De tweede mei 1960 werd vastgelegd op veel foto’s. Prinses Beatrix deed kasteel Heijen aan, onofficieel, in een kennismakingstocht door de provincie Limburg. De Limburgse beeldhouwer Peter Roovers was een zeer instructief gastheer van de prinses. Samen met burgemeester A.A.M. Mackelenberg van Bergen leidde hij haar langs een expositie van zijn werken, die was ingericht in het kasteel Heijen. Ook hier waren er weer bloemen voor prinses Beatrix, die met een charmante révérence en een leuk gedicht werden aangeboden door Mimi Jansen. De heer Roovers bood de prinses een bijzettafeltje aan, met een plateau van ingelegd keramiek, waarin paardenmotieven waren verwerkt. Prinses Beatrix gebruikte op het terras van het kasteel de koffie.

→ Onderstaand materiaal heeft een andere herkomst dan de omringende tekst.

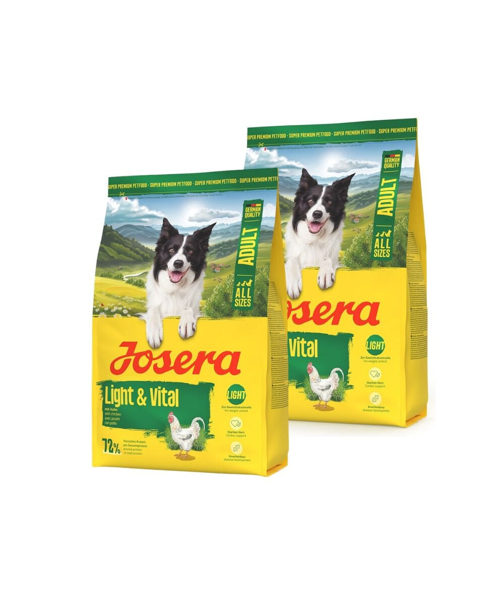 Erwachsene Hunde mit einer Neigung zu Übergewicht benötigen eine entsprechend angepasste Ernährung – deshalb wurde JOSERA Light & Vital. entwickelt. Es handelt sich um ein Trockenfutter mit niedrigem Fettgehalt, das hilft, das richtige Körpergewicht zu halten, während es dem Hund alle notwendigen Nährstoffe liefert.

In april 1961 werd Peter Roovers gehuldigd wegens het feit, dat hij een kwart eeuw docent was aan de Bossche Academie. Behalve het gebruikelijke gesloten couvert kreeg hij een extra vacantiemaand voor een studiereis naar Italië en kreeg de toegangsweg naar de Academie een nieuw naambordje ‘Roovers allee’.

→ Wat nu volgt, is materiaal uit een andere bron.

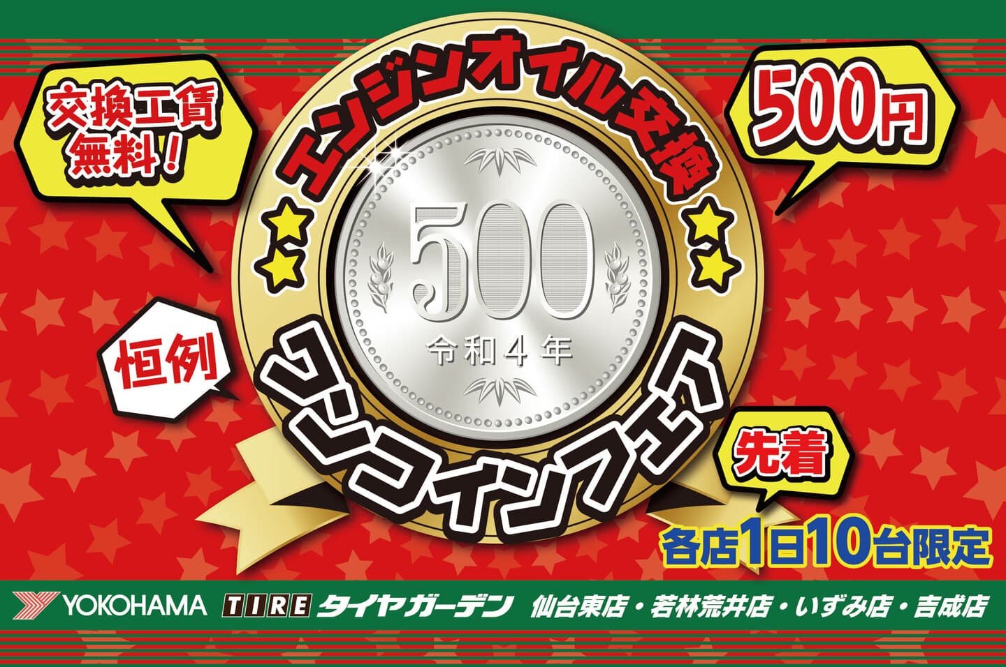 ※国産ガソリン車1台分のオイル交換を500円(税込)にて実施いたします。

In 1965 deed Roovers mee aan een expositie in de Schakeldetermineer School, het latere Sint Gabriël college, van de kunstenaars van de culturele kring ‘Plasmolen’. Jacques van Mourik was er ook met zijn bosvrouw en een roodkrijttekening ‘Einstein’, Jules De Roeper met een Madonna en een houtwerk ‘Studie en Spel en de Jacht in Majolica’, Ab Steenvoort met de aquarellen ‘Nimf’ en ‘Compositie’, Wim Klabbers met de beeldhouwwerken ‘Don Quichote’ en ‘Oorlogsdreiging’, Wim Jansen met keramiek. Ondanks dat Peter Roovers heel graag in Limburg woonde en grote affiniteit voelde met de Limburgse aard en mentaliteit klonk er toch wel een lichte kritiek door, toen hij in 1965 in een interview zei: “Toch is Noord-Limburg op cultureel gebied een betrekkelijk eenzaam land. Wij kunstenaars worden door niemand op sleeptouw genomen. Niemand vraagt ons ook iets te doen. Nijmegen roept ons niet. Venlo ook niet. Daarom maak ik me in het bijzonder zorgen over de jonge kunstenaars die zich hier in de streek vestigen. Ik neem aan dat we hier eigenlijk alleen maar zitten, omdat we zo van de streek houden. Dergelijke feiten heb ik weleens onder de aandacht van de Culturele Raad gebracht, maar dan krijg je een brief, waarin je verzocht wordt iets over jezelf te vertellen en een foto in te sluiten. Daarmee is het dan afgelopen, je hoort er later niets meer over”. Maar persoonlijk had Roovers geen klagen, de grote en kleine opdrachten stroomden binnen, van een bronzen portretbuste van koningin Juliana voor de nieuwe raadszaal van Heumen (Malden), tot een fontein met springende vissen voor een perk van het Canisius ziekenhuis in Nijmegen.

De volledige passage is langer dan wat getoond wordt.